> [DESCRIPTION OF THE TASK] All of the data should be copied exactly, with the pictures left out.

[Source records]
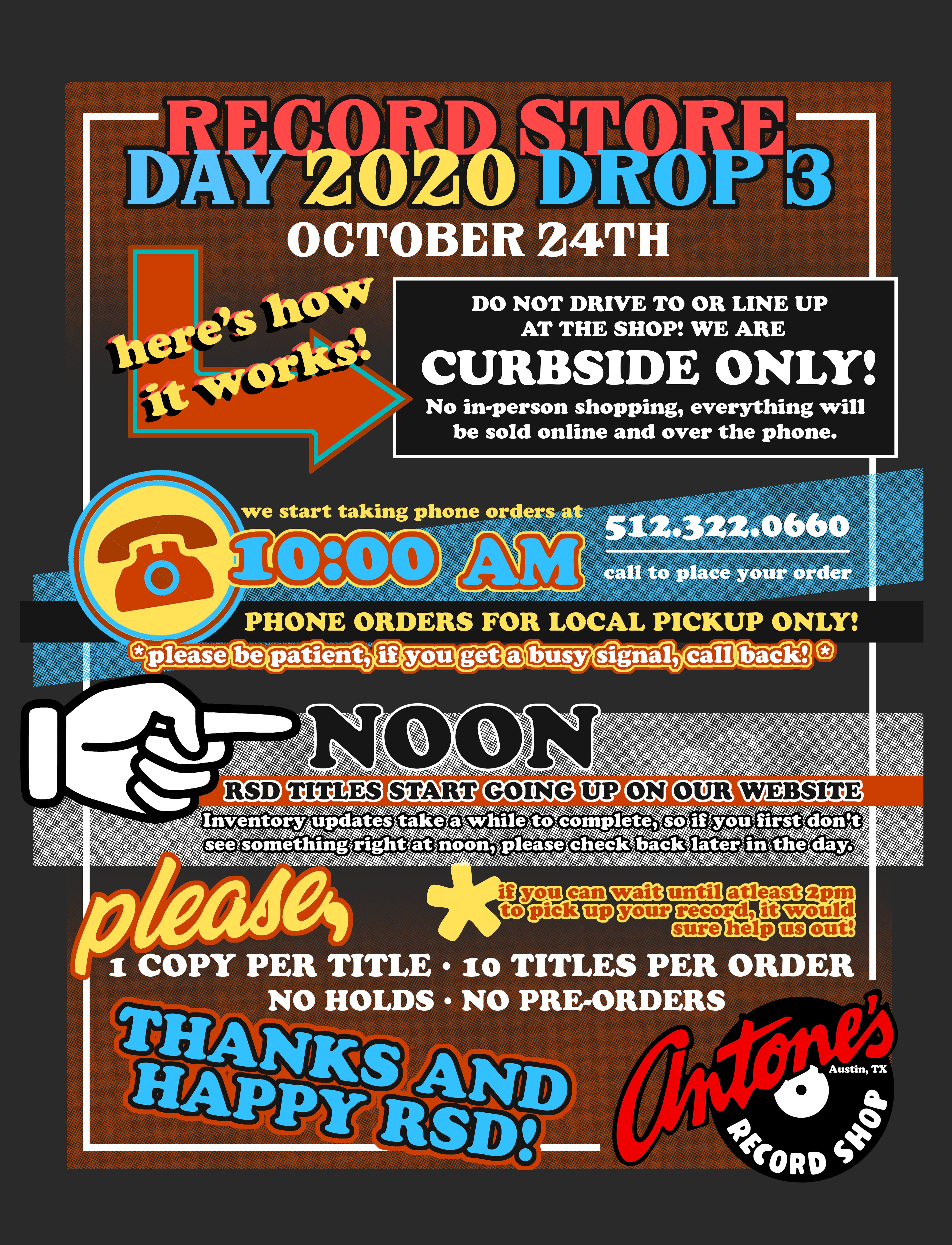 Here's the plan for RSD Drop #1 on Saturday, June 12, 2021. No phone orders this time. In person shopping only with online orders later in the day...
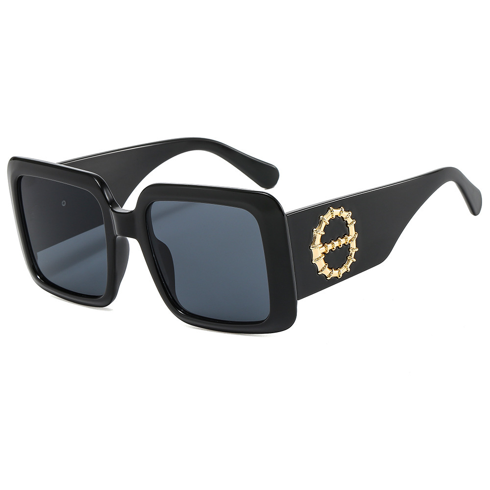 新款欧美复古时尚方形大框太阳镜 ins简约休闲个性竹节腿百搭墨镜
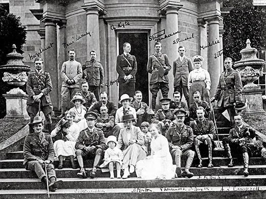 The fate of some officers is made evident by Lady Clementine’s correspondence: “Dear Lady Waring...my poor boys death is a dreadful blow and I cant realize that he has gone forever....Oh it is too cruel after waiting three long weary years for him to come home.” Very occasionally, too, it is possible to track an officer through an unrelated source. A photograph that had been in the possession of Capt. William McDonald before he was killed in action in France, in 1916, and which is now archived in the Australian War Memorial, shows him gathered with other officers on the Lennel House steps, with Lady Clementine. Some later hand has identified among the other men “Captain Frederick Harold Tubb VC, 7th Battalion of Longwood,” and noted that he died in action on 20 September 1917; this is the same “Tubby” who had written to Lady Clementine a month earlier, at the completion of an 11-hour march, heading his letter simply “In the Field”: “An aeroplane tried to shoot us last night with a m[achine] gun besides dropping sundry bombs around. It rained a heavy storm last night. It is raining off an[d] on today. The weather is warm though. My word the country round here is magnificent, the splendid wheat crops are being harvested....”
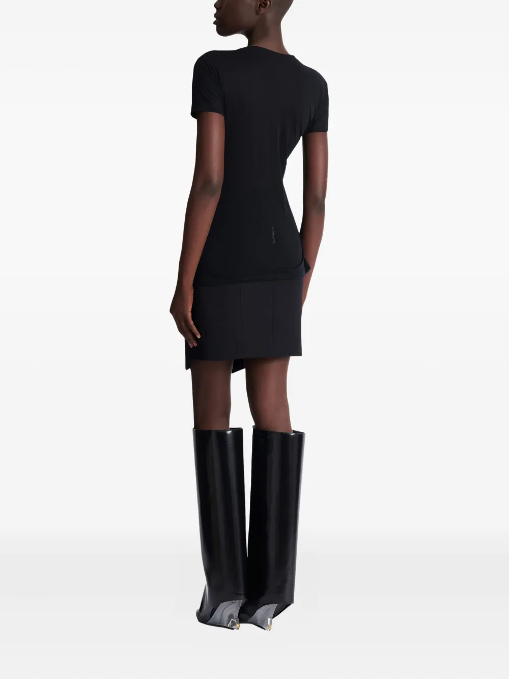 Tricou Balmain crew-neck negru, cu design drapat, decolteu rotund, maneci scurte si detaliu incretit.100% bumbac
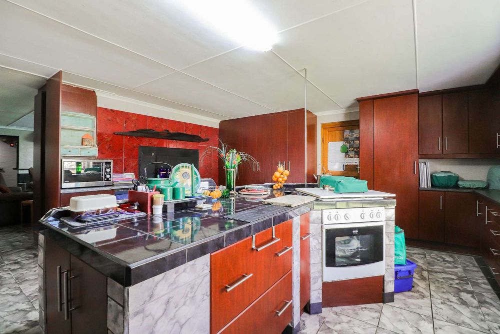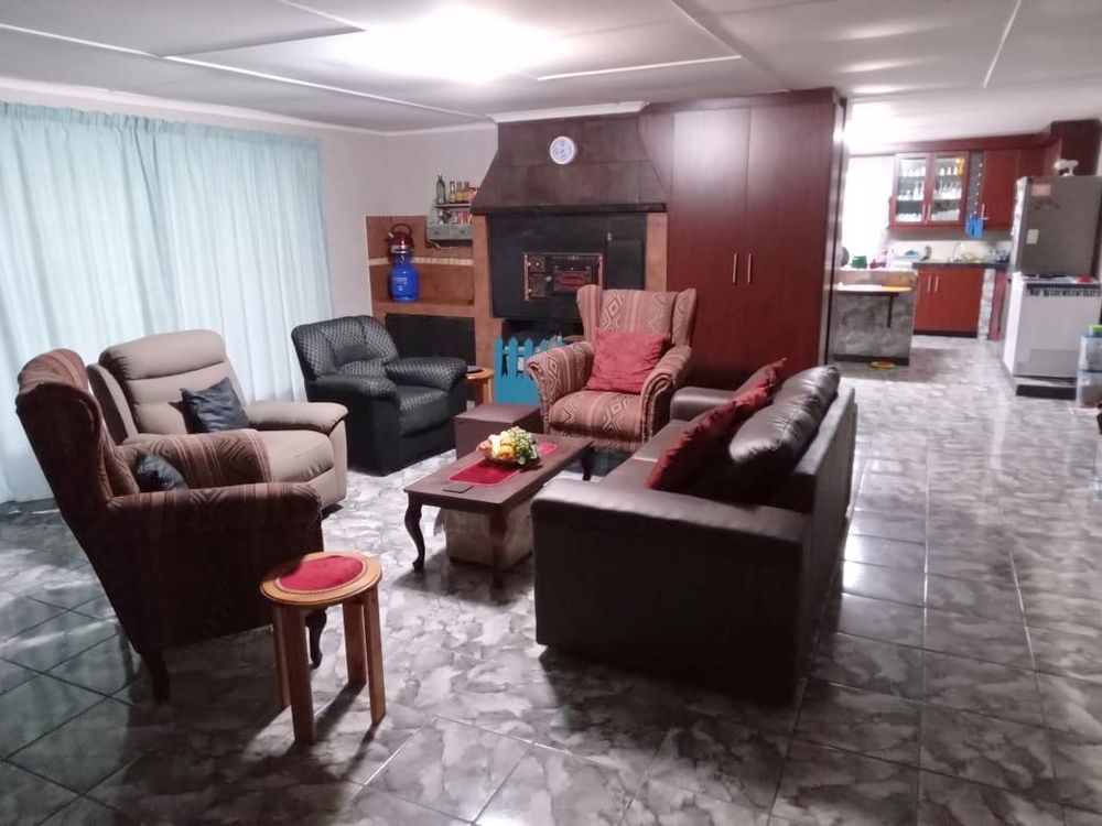 This charming property boasts a well-designed open-plan kitchen, featuring ample built-in cupboards and modern amenities. The indoor braai area is perfect for entertaining guests or enjoying cozy family evenings.
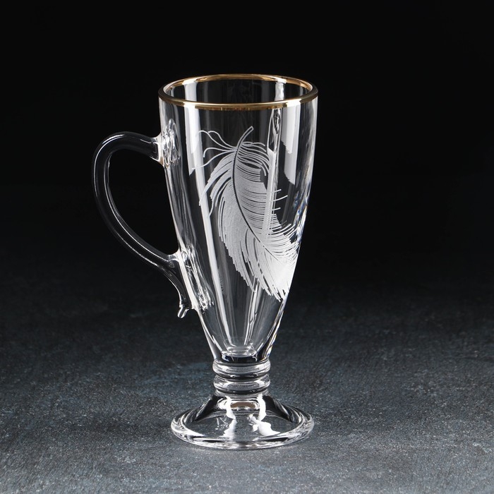 Кружка «Перо» - это грациозный и стильный аксессуар, который привлекает внимание своей уникальной формой и оригинальным дизайном. Кружка выполнена из прочного стекла высокого качества, которое не только выглядит элегантно, но и обеспечивает долговечность и надежность изделия. Особенностью данной кружки является нежный и эстетичный рисунок пера, а обрамленные золотом края кружки добавляют роскоши и эффектности.
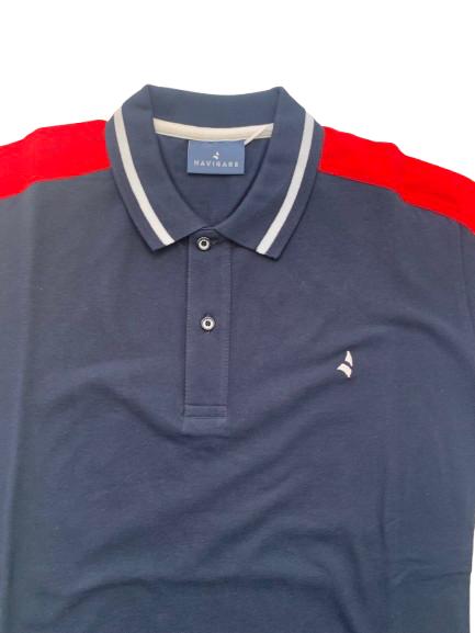 Polo uomo Navigare in cotone piquet mezza manica con intarsi a contrasto logo altezza cuore e spacchetti laterali sul fondo
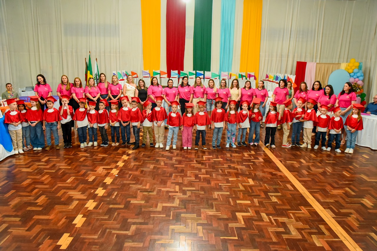 Além deles, a comunidades escolar também se fez presente, assim como o prefeito Jair Kammler, a primeira-dama Maria Bernardete Kammler e a secretária de Educação, Cultura, Desporto e Turismo, Tanise Vendruscolo Suzin.
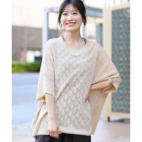レーヨン入りの柔らかく落ち感のあるクロシェニット。

> [RESPONSE TO THIS EXERCISE]
 Here's the plan for RSD Drop #1 on Saturday, June 12, 2021. No phone orders this time. In person shopping only with online orders later in the day...
 新款欧美复古时尚方形大框太阳镜 ins简约休闲个性竹节腿百搭墨镜
 The fate of some officers is made evident by Lady Clementine’s correspondence: “Dear Lady Waring...my poor boys death is a dreadful blow and I cant realize that he has gone forever....Oh it is too cruel after waiting three long weary years for him to come home.” Very occasionally, too, it is possible to track an officer through an unrelated source. A photograph that had been in the possession of Capt. William McDonald before he was killed in action in France, in 1916, and which is now archived in the Australian War Memorial, shows him gathered with other officers on the Lennel House steps, with Lady Clementine. Some later hand has identified among the other men “Captain Frederick Harold Tubb VC, 7th Battalion of Longwood,” and noted that he died in action on 20 September 1917; this is the same “Tubby” who had written to Lady Clementine a month earlier, at the completion of an 11-hour march, heading his letter simply “In the Field”: “An aeroplane tried to shoot us last night with a m[achine] gun besides dropping sundry bombs around. It rained a heavy storm last night. It is raining off an[d] on today. The weather is warm though. My word the country round here is magnificent, the splendid wheat crops are being harvested....”
 Tricou Balmain crew-neck negru, cu design drapat, decolteu rotund, maneci scurte si detaliu incretit.100% bumbac
 This charming property boasts a well-designed open-plan kitchen, featuring ample built-in cupboards and modern amenities. The indoor braai area is perfect for entertaining guests or enjoying cozy family evenings.
 Кружка «Перо» - это грациозный и стильный аксессуар, который привлекает внимание своей уникальной формой и оригинальным дизайном. Кружка выполнена из прочного стекла высокого качества, которое не только выглядит элегантно, но и обеспечивает долговечность и надежность изделия. Особенностью данной кружки является нежный и эстетичный рисунок пера, а обрамленные золотом края кружки добавляют роскоши и эффектности.
 Polo uomo Navigare in cotone piquet mezza manica con intarsi a contrasto logo altezza cuore e spacchetti laterali sul fondo
 Além deles, a comunidades escolar também se fez presente, assim como o prefeito Jair Kammler, a primeira-dama Maria Bernardete Kammler e a secretária de Educação, Cultura, Desporto e Turismo, Tanise Vendruscolo Suzin.
レーヨン入りの柔らかく落ち感のあるクロシェニット。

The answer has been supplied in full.